Turkey’s decision on Wednesday to send troops, tanks, and warplanes into Syria to help an Arab rebel force take control of the city of Jarabulus, in the northern part of Aleppo province, may further compound tensions between Ankara and Washington, though there are also contradictory signs that those tensions are easing a bit. While the rebels seized Jarabulus from IS, it is likely that Turkey got involved not simply to dislodge IS, but to ensure that the Arab rebels captured the city before the YPG could do it. And now that it’s entered Syria, Ankara appears ready for a fight should the YPG attempt to take Jarabulus from the Arab rebels, something that, again, could stoke U.S.-Turkish tensions. However, even as it has worked closely with the YPG in the northeast, the U.S. has tried to curtail the Kurdish militia’s ambitions to take and hold territory to the west, like Jarabulus and Manbij. In Ankara on Wednesday to meet with Erdogan, U.S. Vice President Joe Biden insisted at a press conference that the YPG must fall back to the eastern side of the Euphrates River or else “they cannot and will not get American support.” And the U.S. has reportedly been considering giving the Turkish-backed force that took Jarabulus its direct military support. So it’s possible that Washington and Ankara have reached a compromise about the limits of U.S. support for, and Turkish opposition to, the YPG’s war aims.
At the same time, U.S. support for the Kurds may help explain why Assad now sees them as a threat in his own right, absent any thought of gaining Turkish support. As Landis told me, “the U.S. has essentially been supporting a Kurdish nationalist movement in northeastern Syria in exchange for the Kurds helping the U.S. to destroy IS. Its efforts to build up the Kurds increased Kurdish confidence, and now the PYD have decided to renegotiate their understanding with the Syrian government, pushing forward with their nationalist ambitions. The PYD is confident that it can wipe out these pockets of Syrian government control in northeastern Syria with U.S. backing, and that the Syrian government is too weak to do anything about it.”
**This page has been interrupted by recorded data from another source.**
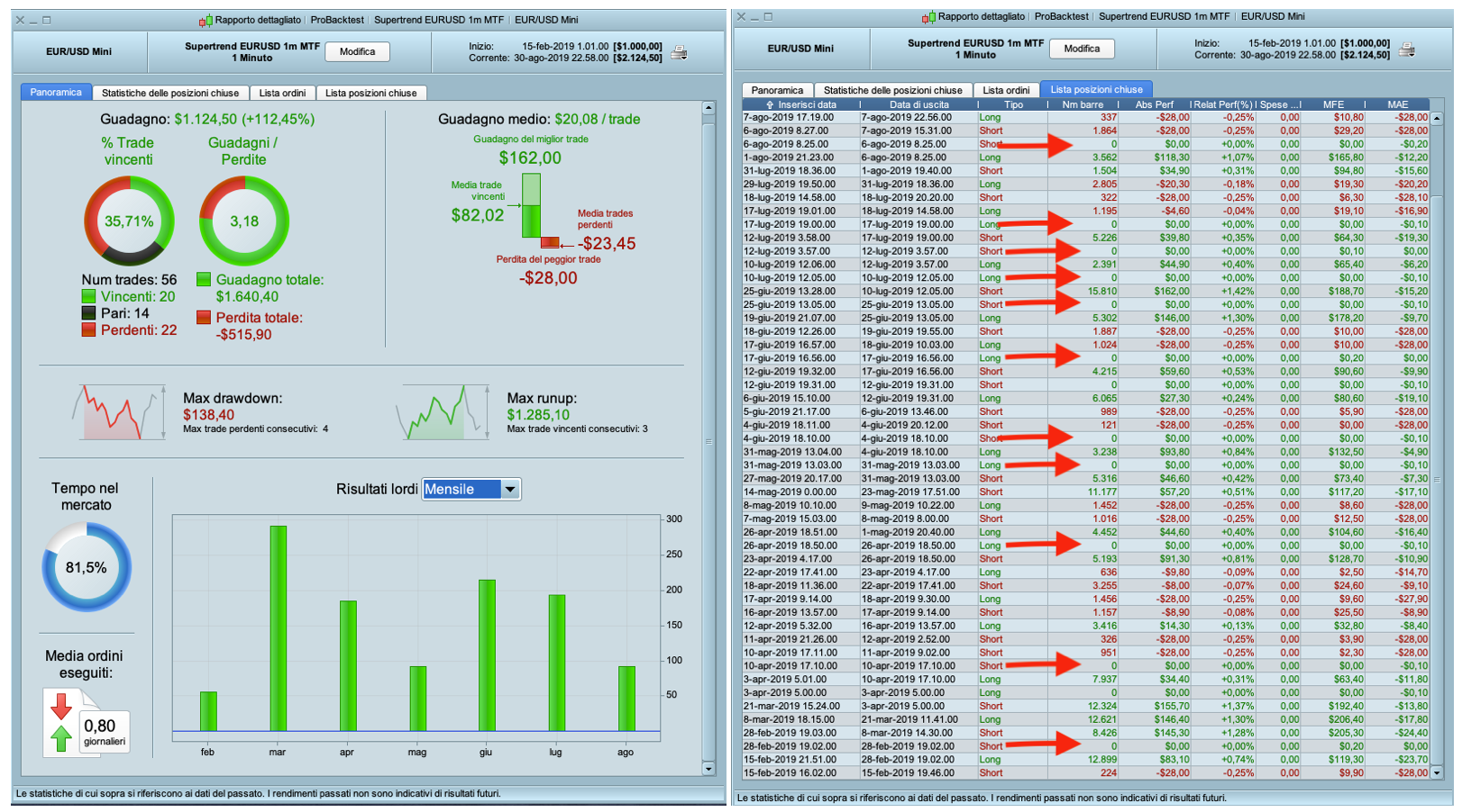 Il fatto è che lavora anche bene, se non fosse che apre delle posizione e le richiude istantaneamente come potete vedere nell’immagine allegata.
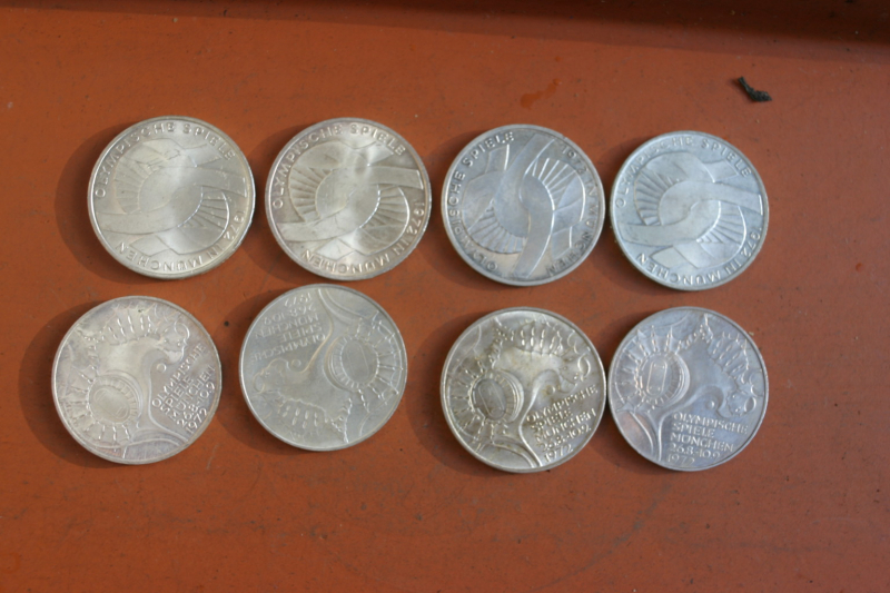 Aus grossem Vorderladernachlass-- 8 stk. ---2 vollst Sätze a 4 stk mit allen 4 Prägeorten --zustand s. fotos--etwas patina mal putzen --ich wiege 15,42 - 15,52 g-- sehr gut erhalten--- Rand OK -- die Prägejahre und Motive entnehme man den Fotos--betr weiterer infos verweise ich auf die Fachliteratur--gute prepperware weil noch gut bekannt--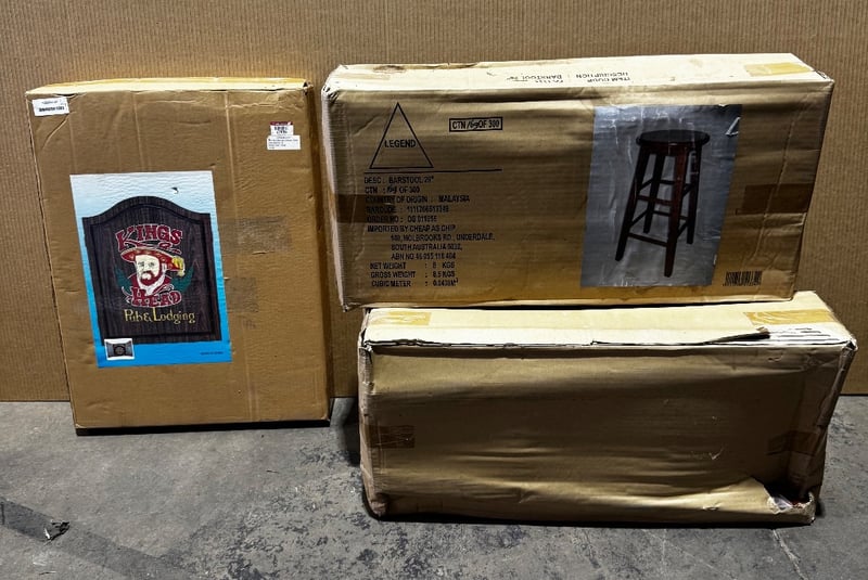 Houseware, assorted houseware items including 3x barstool 29" and a Kings Head dartboard, large Condition unknown, inspection recommendedSold as lot
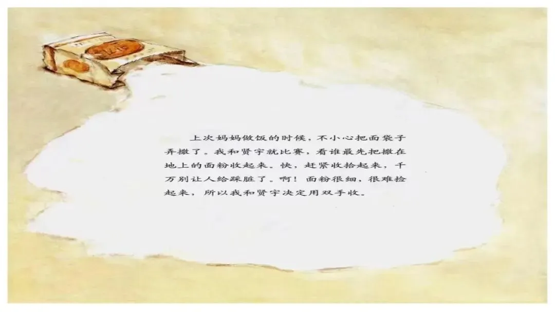 我和贤宇就比赛,看谁最先把撒在地上的面粉收起来。快,赶紧收拾起来,千万别让人给踩脏了。啊!面粉很细,很难捡起来,所以我和贤宇决定用双手收。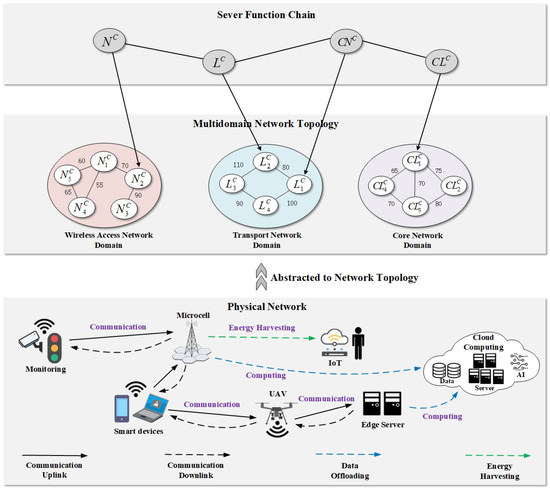 In the edge computing network model, the integration of multidomain physical networks with service function chain (SFC) embedding algorithms offers a highly specialized and precise resource management strategy. Edge computing networks reduce data transmission latency significantly by deploying computational resources closer to end-users and IoT devices, thereby enhancing service response and data processing efficiency. Moreover, the design of multidomain physical networks allows dynamic distribution of network resources across various geographic and logical domains, facilitating flexible scheduling of edge computing resources. The service function chain embedding algorithm, building on this, virtualizes physical resources distributed across multiple domains, effectively supporting diverse network services. This holistic application not only improves resource utilization but also enhances the scalability and security of the network, especially in managing complex data and service demands in smart cities. SFC request refers to a type of request issued within a computer network with the aim of executing a specific service function chain. When users or applications require completing specific tasks or obtaining particular services, they send such requests. SFC requests traverse along the network path and pass through a series of network nodes en route. Each node performs specific service functions, which are organized in a certain sequence to form the service function chain, ultimately meeting the requester’s needs. Consistent with prior work [1], we abstract the underlying physical network as an undirected graph, denoted as , where represents the set of underlying nodes, represents the set of underlying links, A and A respectively represent the attributes associated with the underlying nodes and links. Similarly, we use another undirected graph to represent the service function chain embedding, denoted as , where represents the set of nodes within the service function chain, represents the set of links within the service function chain, and , respectively, represent the attributes associated with the nodes and links within the service function chain. Each time a request is issued, the underlying network resources need to be greater than the network resources required by the request, i.e., where and . Figure 1 illustrates an edge computing network model based on virtual architecture. The virtual network request comprises multiple layers, with each distinct layer describing various network functionalities and services. Moreover, these layers are utilized to specify the necessary resources and services required to fulfill specific demands.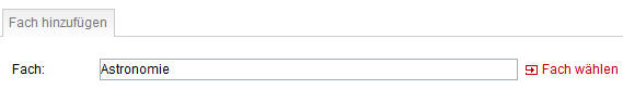 kann ein Freitext eingegeben werden. Es können beliebig viele Fach/Fächergruppen hinzugefügt werden.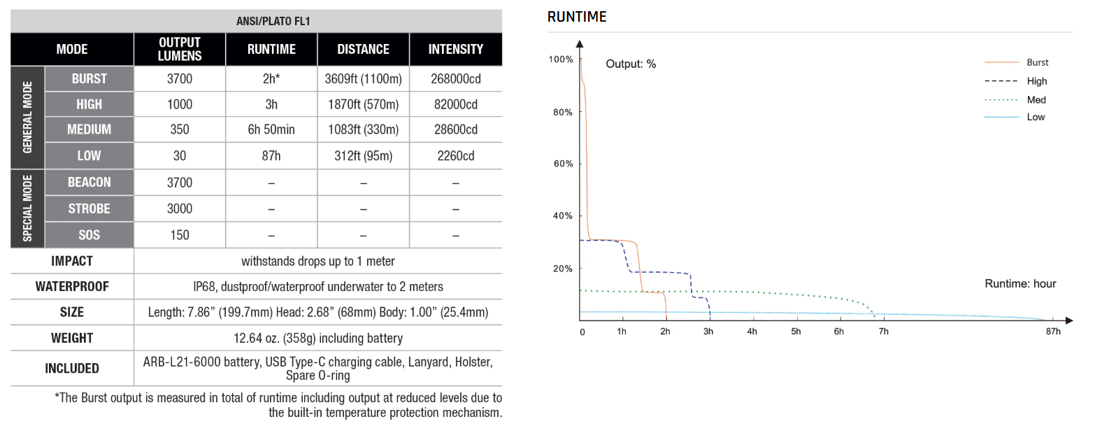Με τροφοδοσία από μια επαναφορτιζόμενη μπαταρία υψηλής χωρητικότητας 6000mAh, αυτός ο φακός παρέχει σταθερούς χρόνους λειτουργίας έως και 87 ώρες και φορτίζει μέσω μιας θύρας γρήγορης φόρτισης USB-C, η οποία είναι ενισχυμένη με εσωτερική στεγανοποίηση IP68 και προστατεύεται από ένα συρόμενο κάλυμμα σκόνης. Κατασκευασμένος από ανθεκτικό αλουμίνιο αεροπορικού τύπου, ο φακός μεγάλης απόστασης HT18R V2.0 έχει σχεδιαστεί για επαγγελματίες που εργάζονται σε δύσκολα περιβάλλοντα και απαιτούν μέγιστη ορατότητα σε πολύ μεγάλες αποστάσεις – πάνω από ένα χιλιόμετρο. Ο φακός Fenix ​​HT18R V2.0 συνοδεύετε από θήκη.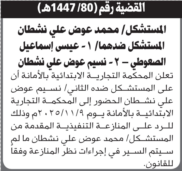تعلن المحكمة التجارية بالامانة ان على المستشكل ضده الثاني نسيم نشطان الحضور إلى المحكمة إعلاناتمحاكم On أكتوبر 27, 2025 Share Share FacebookTwitterWhatsAppTelegramGoogle+البريد الإلكترونيPrint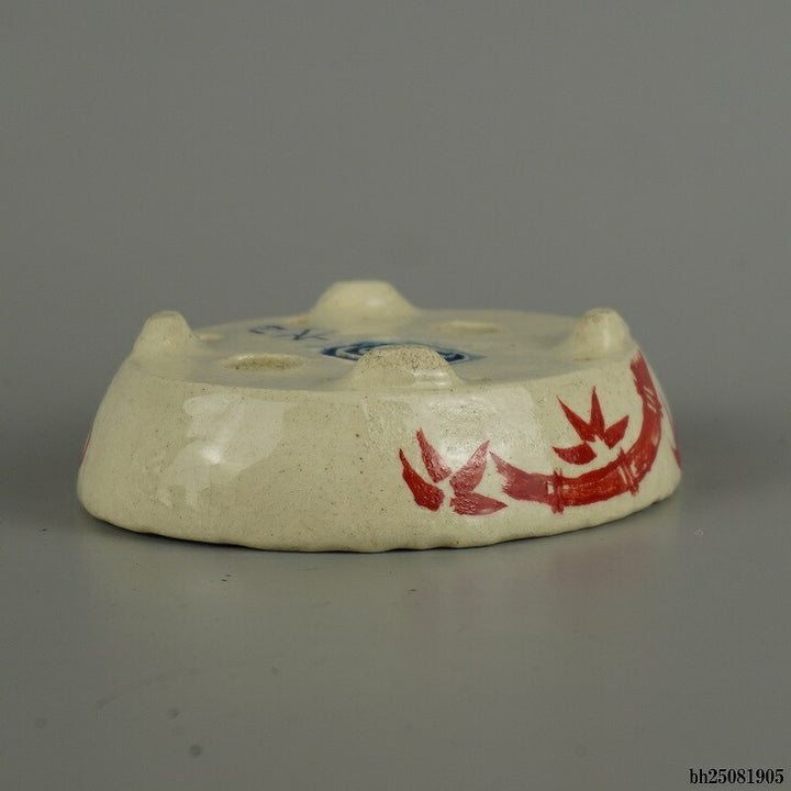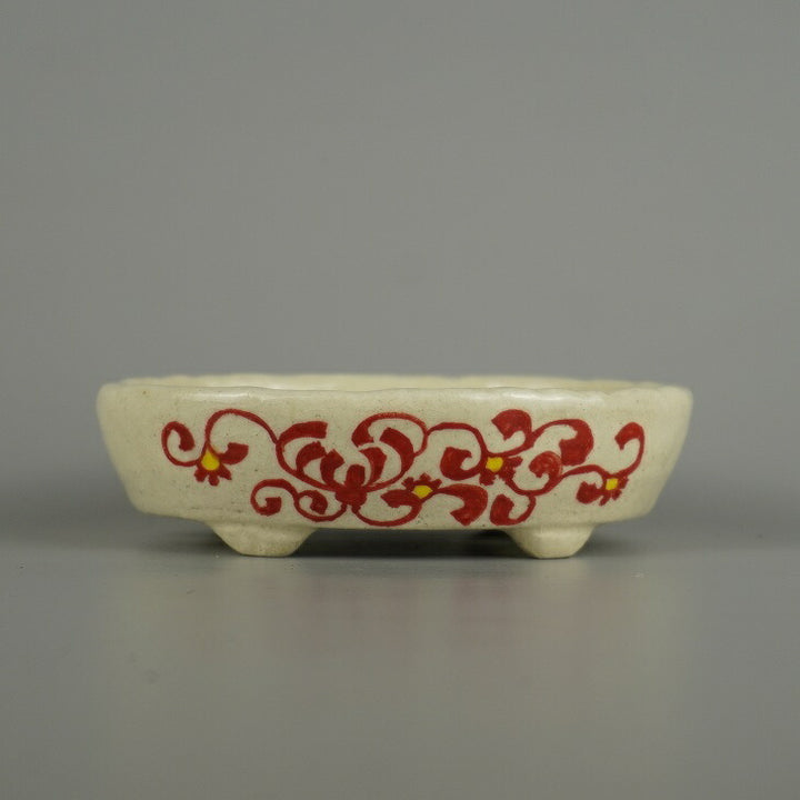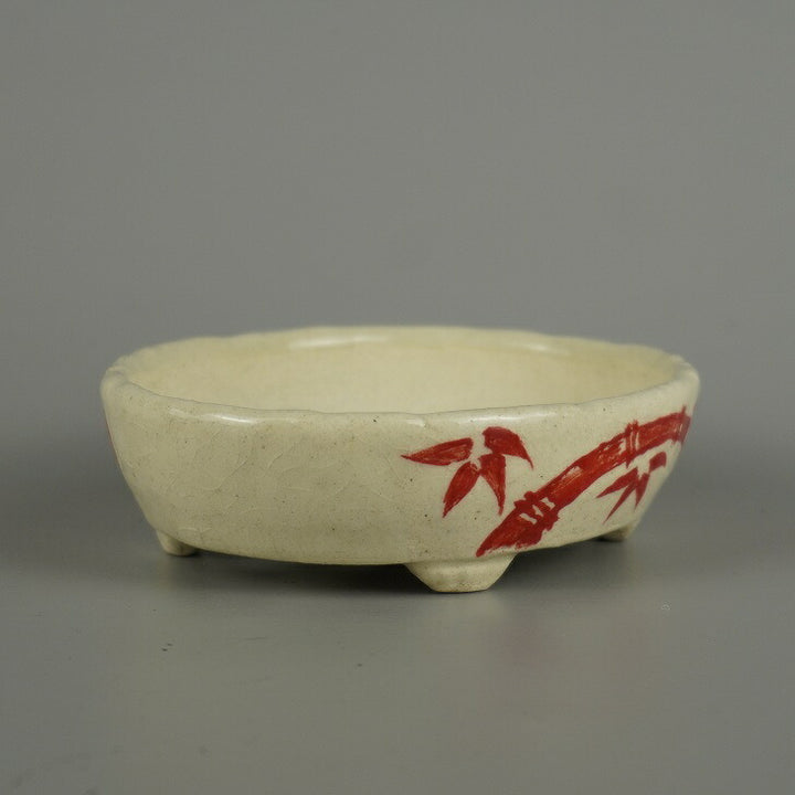 盆栽鉢 越前文山 小型 長辺 約 12.5cm 楕円鉢 赤絵 竹 笹 花 はな ハナ 鑑賞 観賞用 新品 v1206125302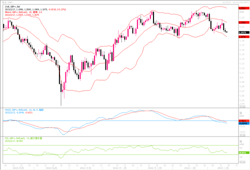 周四(2月16日)英镑兑美元下滑0.5%至1.1985美元,盘中最低曾到过1.1966。美国经济数据继续超预期逞强提振美元走强是主要影响因素外,周四当天英国方面公布英国1月通胀放缓幅度超过预期,有迹象表明,英国央行密切关注的服务业等部分经济领域的价格压力正在降温。英国央行已经暗示可能在3月停止加息,而通胀数据强化了这一观点。如此,仅在息差这一项影响因素上,就将英镑摆在了不利的一面。日线图上,英镑兑美元开始跌落各短期均线下方,汇价运行在布林带通道的下轨,各项技术指标朝下摆动,表明英镑偏于弱势。短期内,2月初到过的低位1.1961将会经受考验,若跌穿,将威胁之前大的横盘区间下沿1.18附近水平。目前在日线图上,到底是形成双顶还是双底形态,还需进一步观察。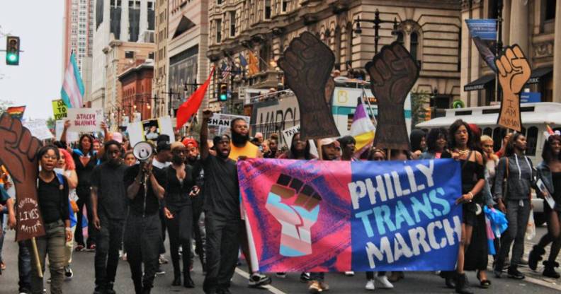 Trans people and allies rally in Philadelphia, Pennsylvania in 2018 before marching to demand basic human and civil rights. (Cory Clark/NurPhoto via Getty)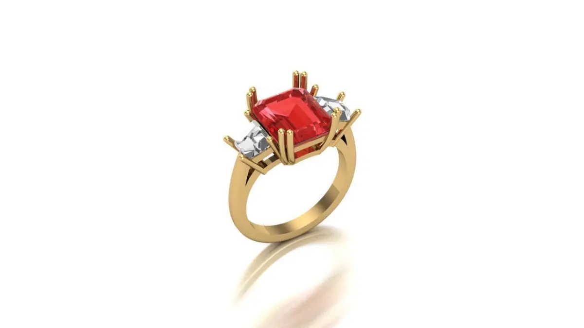 Flanking the center stone are two smaller side stones, likely diamonds, each cut in a baguette or trapezoid shape. These side stones, with their elongated and geometric forms, complement the emerald cut center stone, adding a touch of contemporary elegance and balance to the design. Their placement creates a sense of symmetry and harmony, enhancing the ring's overall aesthetic.

Landis seems to think that, although they may be worried about the possibility of a new Turkey-Russia-Iran alliance, the Kurds are not in any immediate danger from some kind of joint Erdogan-Assad offensive:
My hunch is that it would be very difficult for Assad and Erdogan to agree. There’s a lot of bad blood there, and Turkey has invested a lot in trying to bring down the Syrian government. Turkey has been revising its plans, the new prime minister has been signaling that he wants to stabilize relations with Russia and Iran, but that means Turkey has to move on Assad. And there have been signals from Turkey that Assad would be allowed to be part of a transitional process. But I think the Kurds have a lot of wiggle room because relations are so bad between Erdogan and Assad, and it’s not clear how much the Syrian army can or would offer Turkey in a fight against the Kurds in northeastern Syria—the army is very weak there, especially if the U.S. is prepared to defend the Kurds by air.
“The Kurds have decided that this is their moment,” he added. “The question is whether they overreach, and alienate enough of their neighbors to cause a coalition to be formed against them.”